Чем больше их становилось, тем теснее они обступали Агнца с надеждою быть услышанными. Но Агнец молчал, и было неизвестно – в состоянии ли Он отвечать на вопросы и просьбы, обращённые к Нему. Многоголосый шум не смолкал ни на секунду, и там слышны были не только человеческие голоса, но и клёкот птиц, рычание зверей и жужжание насекомых. В тесноте предстоящие теряли свои крошечные тела и обретали новые, только это никак не влияло на гул и роптание вокруг Агнца, напротив, ропот усиливался и уже достигал внешней оболочки, за которой Агнец не имел никакой силы.
Только не надо думать, что все вокруг исключительно полагались на Агнца и непременно ждали от Него каких-то слов. Некоторые догадывались, что не нужны им никакие слова, ибо Слова в них и так больше, нежели вещества, и вряд ли Агнец уполномочен остановить время, текущее через их жизни и неспособное течь как-нибудь иначе.
Впрочем, молчание Агнца всё равно невозможно было объяснить, ибо кому как не Ему доподлинно известно, что не могут задавать ненужных вопросов предстоящие, те, кого нельзя считать ни живыми, ни мёртвыми и кто не способен победить лежащего внутри них Слова.
Правда, в последнем Агнец был не вполне уверен и мог представить растекающиеся по земле благолепие и мир, когда народы забывали бы вражду, люди теряли ненависть и злобу, когда хищники резвились бы вместе со своими возможными жертвами, а стада оставили бы в покое побеги и травы.
Но такое нарушило бы естественный временной ход, и Агнец снова и снова вглядывался в предстоящих, дабы не пропустить никакого события, способного прервать пульсирующий ток времени.
Душан с удивлением смотрел на летающие парашютики одуванчиков, смотрел так, словно раньше их никогда не видел. А те поднимались с зелёных дорожных обочин, узких газонов, взлетали из-за заборов и городских оград, либо вообще появлялись неизвестно откуда.
Воздух кишел их неисчислимым количеством, напоминая Душану медленный снегопад. Парашютики маневрировали, кружились, устремлялись вверх, но было в этом разнонаправленном движении что-то обречённое, и это чувство возникало, скорее всего, из-за того, что весь тротуар и вся утоптанная земля оказывались устланными белой пушистой ватой, которая многими тысячами подошв сбивалась в грязный хрустящий наст.
Непонятно почему, но Душан в этой белой мистерии видел гораздо большее, нежели просто очередное торжество Флоры, приходящееся на конец июня. Перед его взором проплывало бесконечное множество знакомых и незнакомых лиц, воплотившихся в живые волокнистые летающие шары и заполонивших всё окружающее пространство.
Они нежились в сияющем горячем солнце, красовались друг перед другом своими тонкими невесомыми оболочками и, вздрагивая от частых соприкосновений, разносились конвекционными потоками воздуха в разные стороны. Там же, среди плывущих над землёю лиц, Душан без всякого удовольствия узнал и себя, особенно обратив внимание на то обстоятельство, что он ничем не отличался от прочих участников хаотического парения и был подвержен тем же случайностям и обстоятельствам среды, что и все остальные.

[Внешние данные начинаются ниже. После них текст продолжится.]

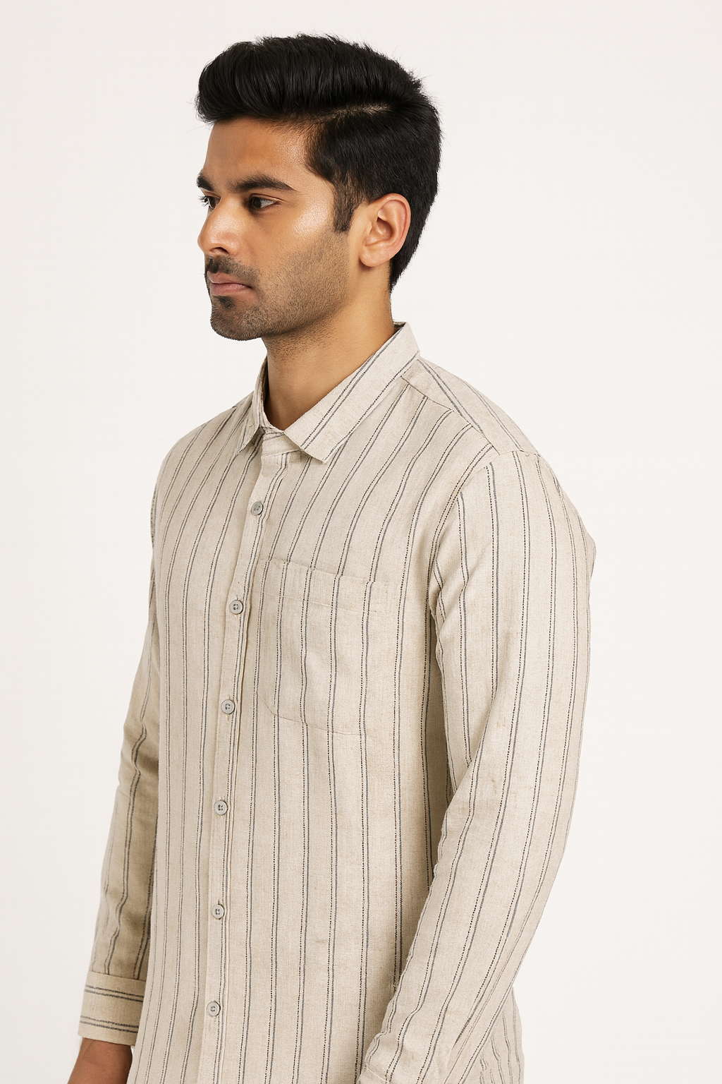 A stylish beige shirt featuring subtle vertical stripes — perfect for a clean, smart, and versatile everyday look.

«Куда же нас так много и в чём наше предназначение и смысл?» – вопрошал Душан, наблюдая как незадачливые парашютисты превращаются из множества хрупких мятущихся сфер в грязный, спрессованный подошвами наст.
«Неужели такой восхитительный праздник броунова движения не может иметь иного логического завершения? И отчего так губительно возвращение к породившей весь этот животрепещущий белый фейерверк земле? – размышлял Душан, никак не желающий признавать фундаментальные законы бытия. – И что изменится, если мы не будем так бездумно беспечны или нас станет в миллионы раз меньше?»
Душан вдруг представил как в голубом просторе, подобно маленьким светилам, восходят от земли десятки безупречных сфер, рассыпая вокруг себя яркие блистающие лучи и гибкие полупрозрачные радуги. А земля даже не пыталась вернуть утраченного, напротив, возгоняла атмосферные токи от раскалённого дневным зноем бетона, пытаясь поднимать их всё выше и выше, туда, где кончалась бледная голубоватая дымка и начиналась алмазная небесная твердь.
Вспомнив про многочисленное количество реальных участников белого праздника, Душан предположил, что, пожалуй, некоторым счастливчикам всё же удаётся преодолевать силу земного притяжения и, взлетая за края стратосферы, превращаться в мигающие комочки белых неодолимых звёзд. Но Душана отчего-то смущала сама простота и случайность такой блистательной метаморфозы. И ему неожиданно подумалось, что грязный спрессованный наст – это вовсе не жестокая треба злокозненной земли, а прихоть капризного неба, не желающего принимать очаровательных созданий своей соперницы – голубой планеты.
Внезапно прямо перед Душаном проплыли две пушистые сферы, поражающие красотой и совершенством форм, только никак не желающие уступать друг другу дорогу. Душану стало неловко даже не столько за них, сколько за всех соперничающих и непримиримых, прежде всего, за высокое небо и землю, отвергавших по недоразумению такой удивительный, белый и неповторимый мир. А Душан никак не мог налюбоваться его изысканным великолепием; и грязный, спрессованный подошвами, наст уже не вызывал у него прежнего отторжения и горького чувства подавленности и обречённости.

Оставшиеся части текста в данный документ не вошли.